Back when television was all black and white, a young, pre- Tonight Show Johnny Carson used to host a game show called, “Who Do You Trust?” (Grammar had been invented by the 1950s, so English teachers of the time must have been aghast that it wasn’t “whom,” but let’s get back to the point).
The question, posed right now, would be a challenge to any Dolphins fan who has just seen his scabbed-over wounds freshly torn by the latest season to expire in disappointment.
Whom do you trust, Dolfan?
Nothing is black-and-white with the answer, or with this team. Everything is gray. Muddled. Debatable. Worrisome.
Which man leading your franchise has turned your hope into belief?
Is it a team owner, Stephen Ross, whose five seasons in majority control have produced records of 7-9, 7-9, 6-10, 7-9 and now 8-8?
Is it a general manager, Jeff Ireland, who is unpopular with some cause and nobody’s threat for NFL executive of the year?
Is it a head coach, Joe Philbin, who in two seasons has yet to prove he is better than the average body of work that bears his signature?
Is it a quarterback, Ryan Tannehill, who improved overall this season but failed late, and badly, when his team most needed him to stand and deliver?
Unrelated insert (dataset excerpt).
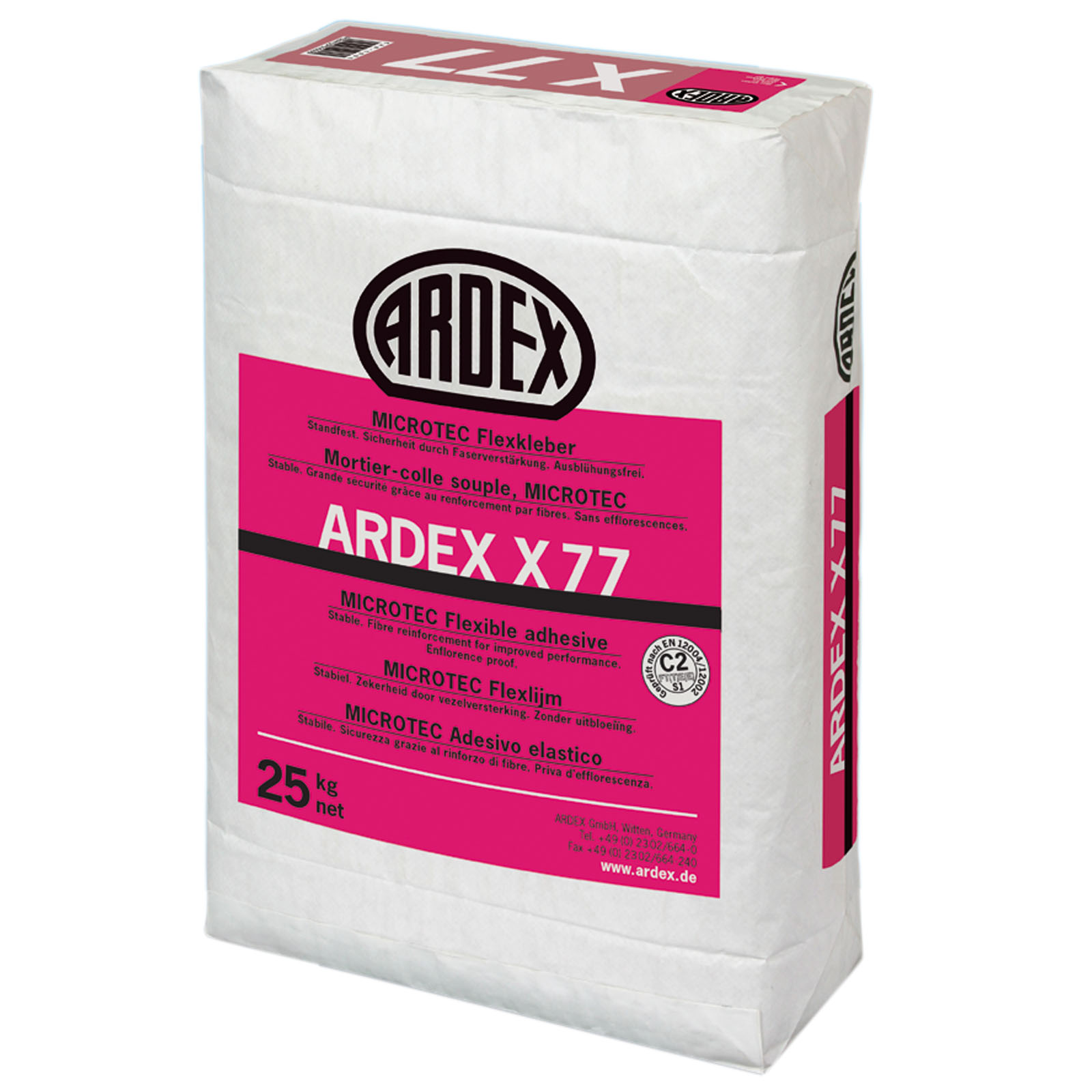 - Der ARDEX X 77 MICROTEC Fliesenkleber ist ein zementbasierter Flexmörtel, der die C2-Anforderungen nach EN 12004 erfüllt.
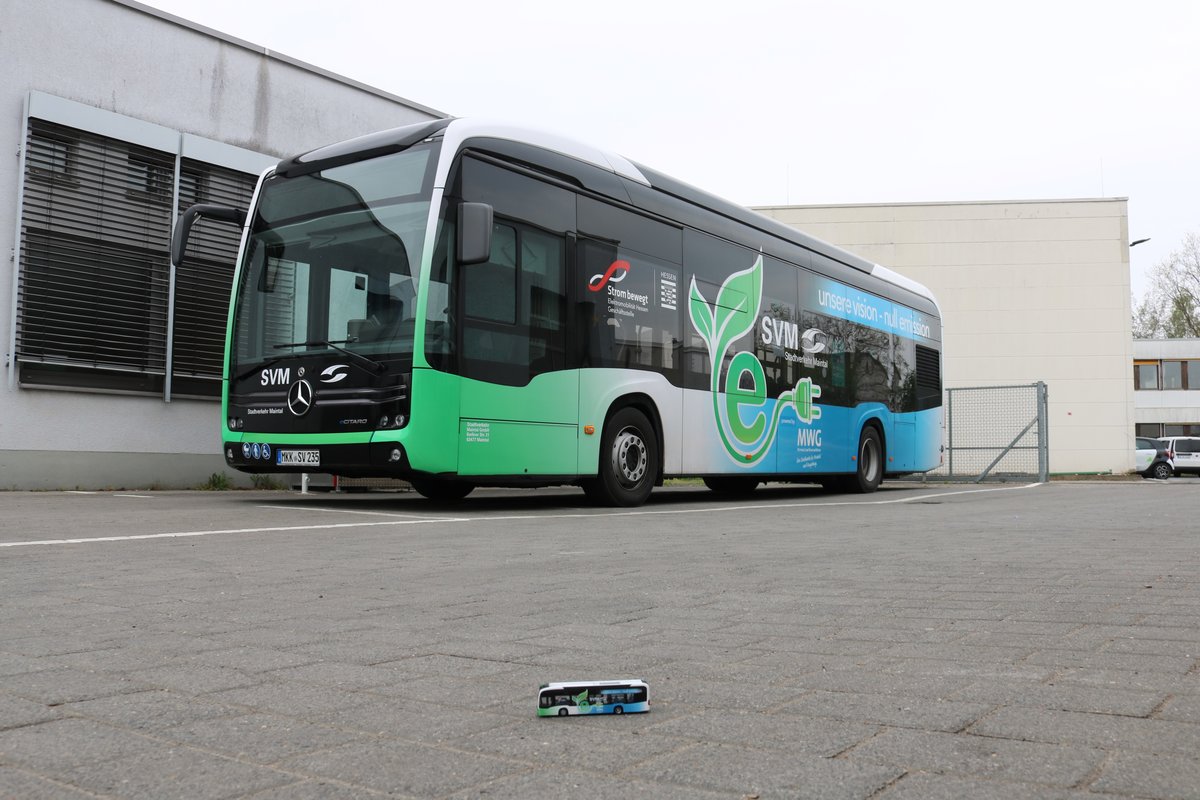 Mdoell trifft Original. Hier zu sehen das 1:87 Modell des Mercedes Benz eCitaro des Stadtverkehr Maintal und das Original am 30.04.21. Ein Mitarbeiter hat es mir erlaubt die Fotos auf den Betriebshof zu machen

Whom do you trust without equivocation moving forward, Dolfan?
We could surely add Philbin’s chief lieutenants, offensive coordinator Mike Sherman and defensive boss Kevin Coyle, on our list of team leaders who have not inspired a whole lot of faith.
Something is bound to change after the way Miami blew a playoff spot with two terrible losses to end the season. The question is whether you trust the men making the decisions, doing the changing.
The Dolphins do not have anyone in the four most important positions — owner, GM, head coach or QB — who is top tier, right now, at what he does.
My email inbox is ablaze with a predictable fan consensus that everyone should be fired. In the real world, it is likelier Ross will give Ireland/Philbin one more season to find a map to the playoffs, but that an underling such as Sherman will be sacrificed.
The problem most clearly is not Tannehill, whose 3,913 passing yards this year were the most by any Dolphin since Dan Marino in 1994. But, just as clearly, Tannehill took an ill-timed step back in the crucial last two games — a shrinking from opportunity that will mean he enters 2014 still needing to erase doubts.
“What happened was, we scored seven points in the last two weeks,” receiver Mike Wallace cut to the chase. “Everybody has to be held accountable, no matter who it is.” (And one touchdown in the year’s last 25 possessions, Wallace might have added.)
Tannehill’s late swoon, Wallace’s drops, a running game that had four of the seven lowest-yardage games in franchise history, a lousy offensive line even before the Bullygate mess — all of these things must be held accountable.
But the quickest fix would be canning Sherman, and then zeroing in on a greatly improved offensive line as a clear priority.
“I have a lot of confidence in our staff and Mike Sherman,” Philbin said Monday — a statement that does not exactly grow confidence in Philbin.
The head coach spoke as the Dolphins held their season-wrapping media session at the club’s Davie headquarters. Don Shula used to call the day after a season ends the most jarring day of all, because, suddenly, there was no game to prepare for. The thing is, 16 of Shula’s 26 seasons at least ended in the playoffs, not short of them.
Monday marked the 11th time in the past 12 seasons a Dolphins head coach stood there trying to explain what went wrong, and why the NFL playoffs were leaving the station without Miami aboard. It has become like Groundhog Day.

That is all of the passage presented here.